Если же подобных разрезов сделать несколько, то получившиеся куски времени можно разложить на плоскости, с попыткой выравнить цифры как бы в ряд. И чем больше секторов допускает мощность фантазии и острота ножниц, тем более линейным окажется их соотношение. Обратная сторона эффекта: при оптимальном расположении по возрастающей или убывающей верхнего (внешнего) края бывшего круга максимальным станет разрыв между нижними частями секторов — острыми углами, еще недавно составлявшими единый центр. В нижней части зубчатой фигуры образуются пустоты, лишенные точки для произрастания или крепления стрелок.
На самом деле время существует, конечно, не только в этих двух формах — все зависит от твердости материала, предполагающей возможность или невозможность сворачивания в спираль или, скажем, вообще сведение традиционного циферблата к черному квадрату с питающимися от розетки красными цифрами, при свете которых можно проявлять фотографии. Абсурдное, впрочем, понятие — на самом деле. Кто будет настолько нескромен, чтобы взяться утверждать, что дело это — то САМОЕ? Я точно знаю, что по времени можно двигаться независимо от его реального хода, или, может, это оно может течь в разных направлениях, каждый раз демонстрируя нежизнеспособность заявления «на самом деле». Если расположить нарезанные сектора параллельно линии городской электрички, то тут все будет решаться тем, куда прицепить головной вагон и какой пункт следования обозначить на его лбу.
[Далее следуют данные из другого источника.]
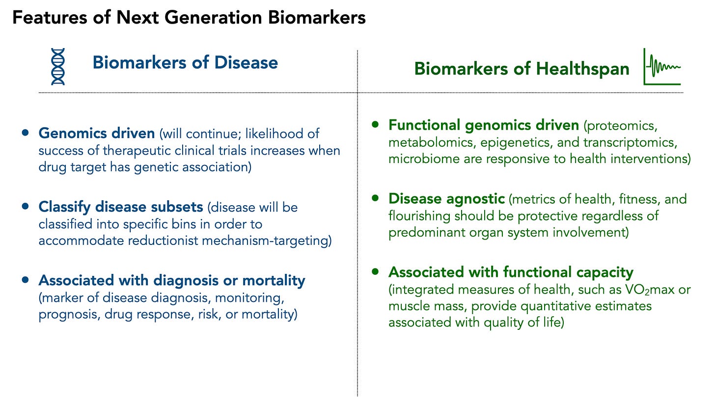I believe that natural evolution of biomarker development will diverge into two key classifications: biomarkers of disease (traditional approach, novel techniques) and biomarkers of healthspan (novel approach, new frontier)
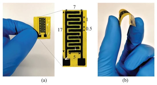 (a) Fabricated sensor with detailed design (all dimensions are in millimeters). (b) The bending view showing the flexibility of the sensor.

Следуя по маршруту «Берлин — Потсдам», я перемещаюсь из настоящего в прошедшее время. И чем дальше от центра, насквозь через Западный Берлин, тем дальше от дня сегодняшнего, в сторону утраченного и почти зачеркнутого, наподобие того, как прокручивается назад видеопленка, и при медленном темпе можно видеть песчинки, каким-то необъяснимым усилием воли поднимаемые в верхний резервуар стеклянных часов. Окно вагона сродни стенке этого резервуара, и поезд протискивает меня в крошечную дырочку на границе между «было» и «будет», возвращая на исходную точку отсчета. Вместе со мной к этому своеобразному «паспортному контролю» устремляются платформы и рекламные щиты, и березки. И чем дальше прокрутить пленку, тем больше вероятность, что опавшие листья взлетят, повиснут на ветках и позеленеют, строители разрушат новенький асфальт параллельного рельсам автобана, и на глазах молодеющий старик в синей фуражке прокричит уже не грозное, а мягкое и просительное: «Nebielbckьruz!»[1]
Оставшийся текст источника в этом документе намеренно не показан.